The term "local subroutine" in the question seems to be referring to lexical subroutines. These are private subroutines visible only within the scope (block) where they are defined, after the definition; just like private variables.

But they are defined (or pre-declared) with my or state, as my sub subname { ... }

Just writing a sub subname { ... } inside of another doesn't make it "local" (in any version of Perl), but it is compiled just as if it were written alongside that other subroutine and is placed in their package's symbol table (main:: for example).

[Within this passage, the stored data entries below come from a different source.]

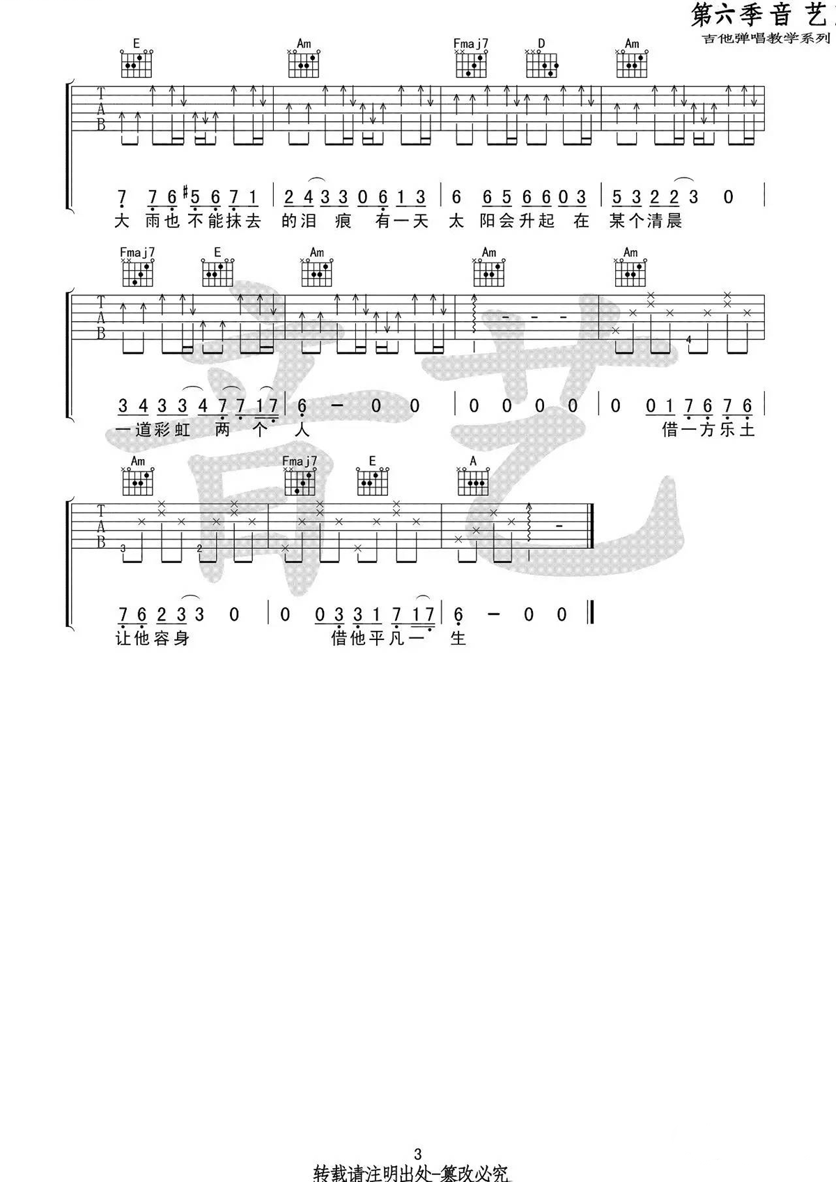 《借》吉他谱 毛不易 C调弹唱谱 简单版 高清图片谱 时间:2017-09-05 来源:音艺 点击:次 《借》吉他谱,毛不易借弹唱谱,高清图片谱。原调F,变调夹5品。C调版本编配,更易上手适合初学者。感谢音艺的提供和分享,易唱网推荐收藏。 明日之子第11期毛不易的借,听了令人有久久无法轻易消逝的伤怀和感动。喜欢这首歌曲的琴友们练习起来吧。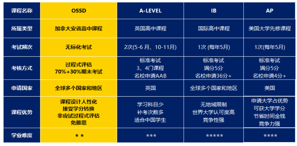 A-Level/AP/IB均为国际课程体系,成绩可以用来申请世界各地学校,全球认可,其中 A-Level/AP/IB有大考 ,学生需要在大考中取得优异成绩来申请大学; OSSD没有大考 ,以12年级所学课程的平均分来申请大学,一定程度上可以避免 一考定终身 。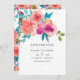 Korall och fandango (lila) akvarell rosor och peonies bröllopsinbjudan med turkos blad. Perfekt för alla teman eller trädgårdsbröllop.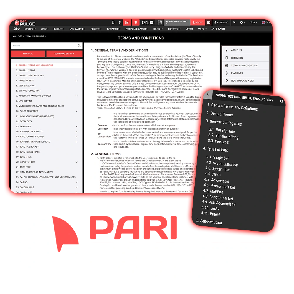 When creating an account on the PariPulse sports betting and casino platform, please read the terms and conditions carefully. These terms and conditions set out how you can use our services, your rights and obligations, and promote responsible use of the PariPulse platform in accordance with the law.

The question mentions closure in the title and here is a comment on that

A closure in Perl is a structure in a program, normally a scalar variable, with a reference to a sub and which carries environment (variables) from its scope at its (runtime) creation. See also a perlfaq7 entry on it. Messy to explain. For example:

sub gen { 
    my $args = "@_"; 

    my $cr = sub { say "Closed over: $args, my args: @_" }
    return $cr;
}

my $f = gen( qw(args for gen) );

$f->("hi closed");
# Prints:
# Closed over: args for gen, my args: hi closed

The anonymous sub "closes over" the variables in scope where it's defined, in a sense that when its generating function returns its reference and goes out of scope those variables still live on, because of the existence of that reference. Since anonymous subs are created at runtime, every time its generating function is called and lexicals in it remade so is the anon sub, so it always has access to current values. Thus the returned reference to the anon-sub uses lexical data, which would otherwise be gone. A little piece of magic.

Back to the question of "local" subs. If we want to introduce actual closures to the question, we'd need to return a code reference from the outer subroutine, like

sub outer {
    my $x = 'x' . "@_";
    return sub { say "$x @_" }
}
my $f = outer("args");
$f->( qw(code ref) );   # prints:  xargs code ref

Or, per the main question, as introduced in v5.18.0 and stable from v5.26.0, we can use a named lexical (truly nested!) subroutine

sub outer {
    my $x = 'x' . "@_";
    
    my sub inner { say "$x @_" };

    return \&inner;
}

In both cases my $f = outer(...); has the code reference returned from outer which correctly uses the local lexical variables ($x), with their most current values.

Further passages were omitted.